ГДЕ И КОГДА НАСТУПИТ «ИСЛАМИСТCКАЯ ВЕСНА»
Основным субъектом политики остается национальное государство – и у мусульман тоже
Не станем в который раз описывать ситуацию в мусульманском мире, повторять банальности об угрозе радикализма, экстремизма, рассуждать о том, как непросто складываются отношения между исламской уммой и остальным миром. Главные проблемы не результат чьих-то «происков», но – следствие исторического развития. А оно продолжается, принимая самые разные формы. Стремление же как можно быстрее преодолеть его «неудобства», навсегда избавиться от противоречий, конфликтов – утопия.
Главный вопрос – что еще может случиться в мусульманском мире, насколько и где наиболее вероятны обострения в нем внутренних коллизий, к чему они приведут и как это скажется на его отношениях с Западом.
Когда речь идет об исламе и мусульманах, прогнозировать рискованно: о многом, что там произошло за последние 50 лет, и помыслить никто не мог. И все же попробуем задуматься о будущем, представить наиболее острые «мусульманские углы».

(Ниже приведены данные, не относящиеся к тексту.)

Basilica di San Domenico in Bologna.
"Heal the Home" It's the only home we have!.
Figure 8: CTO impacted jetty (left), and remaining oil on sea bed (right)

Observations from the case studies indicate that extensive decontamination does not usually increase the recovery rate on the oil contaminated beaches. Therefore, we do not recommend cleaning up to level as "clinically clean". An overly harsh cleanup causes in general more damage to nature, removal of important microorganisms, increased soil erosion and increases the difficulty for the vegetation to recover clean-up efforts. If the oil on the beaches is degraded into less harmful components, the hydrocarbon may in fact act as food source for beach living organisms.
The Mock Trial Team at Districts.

Начнем с того, что в мире остается исламизм, причем в самых разных его вариантах: «вертикальном» – умеренный, радикальный и экстремистский тренды – и «горизонтальном» – географическая распространенность по всему мусульманскому сообществу (включая и те страны, где правоверные составляют меньшинство). Цель – создание полностью исламизированного общества и соответствующего ему, не похожего на все прочие политические системы «идеального» государства. Исламскую альтернативу никто не отменял, и борьба за ее реализацию будет принимать самые разные формы – от конституционной до террористической.

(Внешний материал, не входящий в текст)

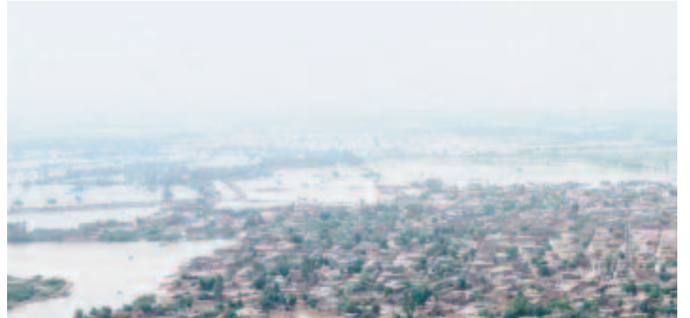
A flooded residential area in Jaffarabad, Pakistan, on Aug. 30 after floodwaters engulfed swathes of the country.

But the conversation will inevitably evolve. On Friday, Vanuatu announced that 86 countries now support its plan to request the International Court of Justice (ICJ), the
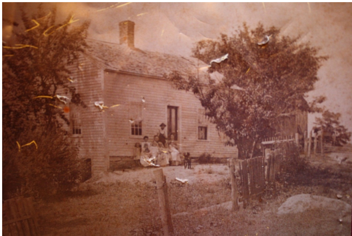
2. Historic photo of original house and workshop barn (to the right), camera facing northwest.

При всем том вряд ли стоит ожидать появления какого-либо движения за создание «всемусульманского ИГ» («Исламское государство», террористическая организация, запрещенная в РФ). Идеологическая и теологическая востребованность единого «халифата» продолжит существовать, но борьба за его сотворение останется по большей части в проповедях и пропаганде. Не послужит этот призыв и консолидации. В мусульманском, впрочем, как и во всем остальном, мире, несмотря на глобализацию и прочие «тотальные» проекты, основным субъектом политики остается национальное государство.
В реальность построения ИГ не верит ни один серьезный мусульманский политик. Кроме того, эта идея была скомпрометирована практикой – терроризмом, жестокостью – устроителей «халифата» на территориях Сирии и Ирака.

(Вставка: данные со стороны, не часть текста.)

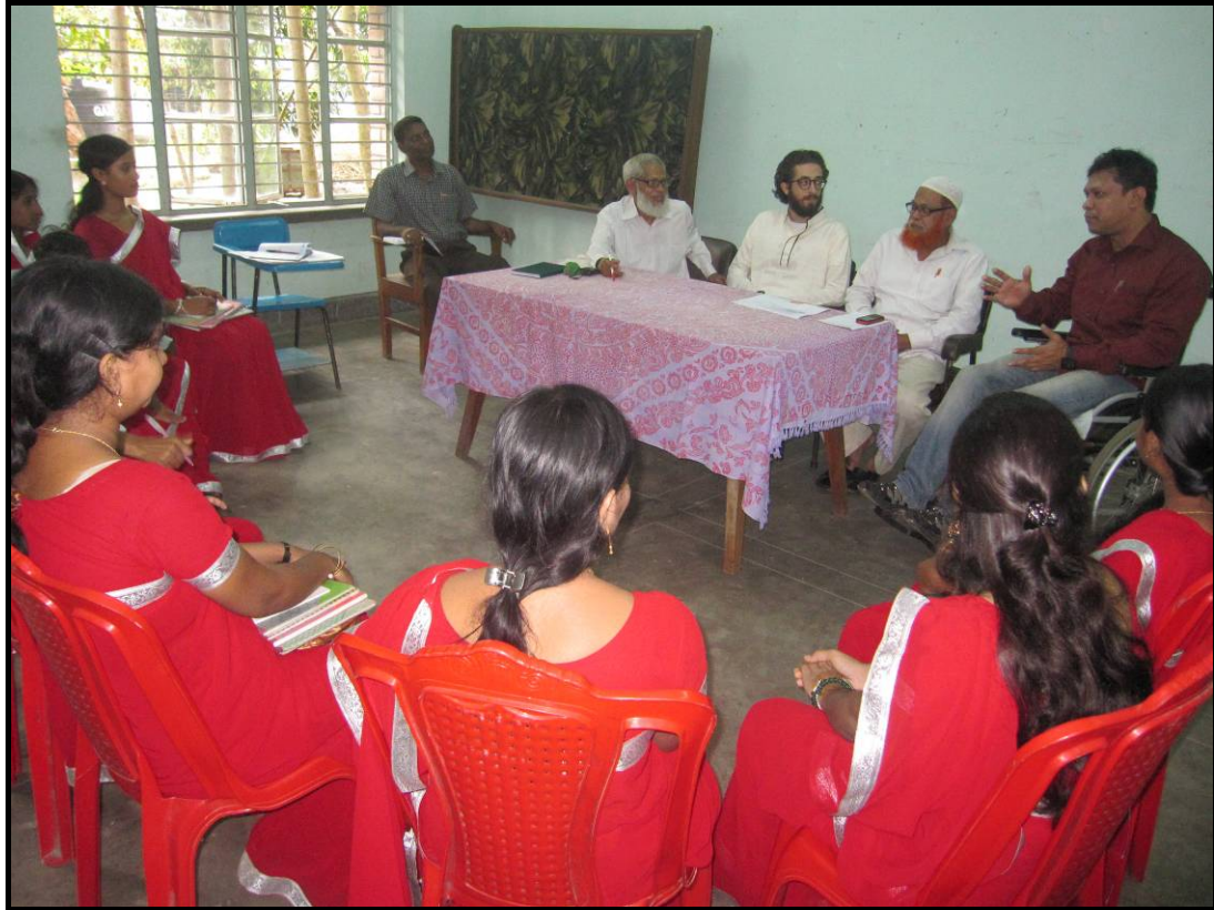
This month's Teachers Coordination Meeting

Но если попыток построения исламистского политобразования в глобальных масштабах ожидать не приходится, то на национальном, а кое-где и на региональном уровнях они вполне возможны. Есть несколько мусульманских стран, в которых идея построения ИГ сохраняет актуальность. Последнее грозит обострением ситуации и чревато конфликтами, которые отличаются особой жестокостью.
Наиболее вероятен сценарий «исламистской весны» в Афганистане, Сирии, Саудовской Аравии, в ряде африканских государств.
Ситуация в Афганистане складывается так, что приход к власти движения «Талибан» (террористическая организация, запрещена в РФ) неизбежен. Каким бы ни был состав грядущей коалиции, лидирующей силой в ней будут талибы. Афганистан станет эмиратом, то есть разновидностью исламского государства.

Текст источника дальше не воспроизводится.